Рань, и улицы пустынны.
Заложив руки за спину, Лера задумчиво шагает по спящим улицам.
Пахнет смолистым свежим деревом, стружкой. Это строятся новые улицы.
Белокурые завитки стружки валяются на дороге. Прямо на бревнах лежат неприбранные топоры и пилы.
А дома необитаемы – добрая половина домов. Окна еще не застеклены, крылечки недоделаны. И отовсюду тянет лесом и смолой.
Между домами – лес. И за домами – лес. А улицы, точно стрелы, – схватились бежать прямиком и бегут по плану, на радость председателю колхоза Монгульби Василию Адамовичу.
На краю колхоза еще стоят несколько чумов. Они кажутся темными в прозрачной, чистейшей, пронизанной светом синеве.
Чумы спят. Спят дома. Не орут петухи. Тут как будто и нет петухов. Да нет же – есть петух! Один-единственный, у Монгульби Капитолины – председателевой жены.
Повелитель кур важно шагает возле дома. Выпятил грудь колесом – гордеет. Бьет ногой землю. Желтой, крепкой, голенастой ногой. А на ноге – шпора, а на голове – корона, алый гребень. Гребешок драный, небось порвали собаки… Но куры – ничего. Довольны. Ходят и клохчут. Все в порядке. Петух – при них, они – при петухе. Вот он сейчас им найдет червяка, и ногой дрыгнет, и шпорой звякнет, и короной тряхнет. Я – петух!
Перед Лерой большой спящий колхоз: клуб, школа, легкое деревянное здание электростанции, мост, речка Ий.
Речка Ий тихо бежит по одну сторону моста, желтая, как слабо заваренный чай, и вдруг – бух! – рушится вниз пеной, бурным потоком, белым сплошным водопадом. А там, внизу, – камни.
Вода мечется меж камней, клубится, шумит: «А я вода, вода, вода…»
Вокруг каждого камня, большого и малого, стоят водовороты – сто кружений, миллион брызг.
По эту сторону речки Ий лежат огороды: гряды первого картофеля, посаженного тоджинскими тувинцами. Огороды старательно окружены частоколом, чтобы не изрыла пятаком свинья, чтобы не поклевала курица, чтобы не вытоптала лошадь первые драгоценные картофельные ростки.

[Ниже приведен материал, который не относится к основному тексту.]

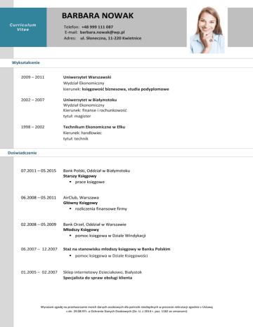 BARBARA NOWAK Cu rr ic ulu m Vit a e Telefon: +48 999 111 087 E-mail: [email protected] Adres: ul. Słoneczna, 11-220 Kwietnice Wykształcenie 2009 – 2011 Uniwersytet Warszawski Wydział Ekonomiczny kierunek: księgowość biznesowa, studia podyplomowe 2002 – 2007 Uniwersytet w Białymstoku Wydział Ekonomiczny Kierunek: finanse i rachunkowość tytuł: magister 1998 – 2002 Technikum Ekonomiczne w Ełku Kierunek: handlowiec tytuł: technik Doświadczenie 07.2011 – 05.2015 Bank Polski, Oddział w Białymstoku Starszy Księgowy prace księgowe 06.2008 – 05.2011 AirClub, Warszawa Główny Księgowy rozliczenia finansowe firmy 02.2008 – 05.2009 Bank Orzeł, Oddział w Warszawie Młodszy Księgowy pomoc księgowa w Dziale Windykacji 06.2007 – 12.2007 Staż na stanowisku młodszy księgowy w Banku Polskim pomoc księgowa w Dziale Księgowości 01.2005 – 02.2007 Sklep internetowy Dzieciakowo, Białystok Specjalista do spraw obsługi klienta Wyrażam zgodę na przetwarzanie moich danych osobowych dla potrzeb niezbędnych w procesie rekrutacji zgodnie z Ustawą z dn. 29.08.97r. o Ochronie Danych Osobowych (Dz. U. z 2014 r. poz. 1182 ze zmianami) 02.2004 – 10.2004 Staż na stanowisku asystent kierownika sklepu internetowego „Dzieciakowo” prace administracyjno-biurowe i księgowe 11.2002 – 12.2003 Poczta Polska, Białystok Asystent pocztowy wpisywanie listów poleconych 03.2002 – 09.2002 Sklep Karmel, Ełk Sprzedawca obsługa klienta Umiejętności język angielski: poziom B2, średniozaawansowany prawo jazdy kat. B znajomość obsługi komputera (Windows, Excel, Word, PowerPoint, Norma PRO) Zainteresowania gotowanie – kuchnia włoska kino – filmy Krzysztofa Kieślowskiego blogowanie – blog „Księgowość dla małego biznesu” Wyrażam zgodę na przetwarzanie moich danych osobowych dla potrzeb niezbędnych w procesie rekrutacji zgodnie z Ustawą z dn. 29.08.97r. o Ochronie Danych Osobowych (Dz. U. z 2014 r. poz. 1182 ze zmianami)

На этом берегу – огороды, а на том берегу – Саяны. Ох и большие! И нет им конца, и нет им края. Они поднимаются друг над другом – невозмутимые, старые-старые, поросшие почти до самого верха лесами, а дальше – голые, синие, будто врастающие каменными вершинами в небо, одна гора за другой, одна над другой.
Колхоз стоит во вмятине меж лесом и горами. К западу, за его последней улицей, тянутся луга и поля.
Тут пасутся лошади – целые табуны лошадей со спутанными передними ногами. Всякие лошади: и большие, дородные – русские, и маленькие – тувинские, с короткими, толстыми, волосатыми ножками.
Тут растет хлеб, уже третий год растет хлеб! Поле маленькое – словно не поле, а огород – и так же, как грядки с картофелем, огорожено частоколом.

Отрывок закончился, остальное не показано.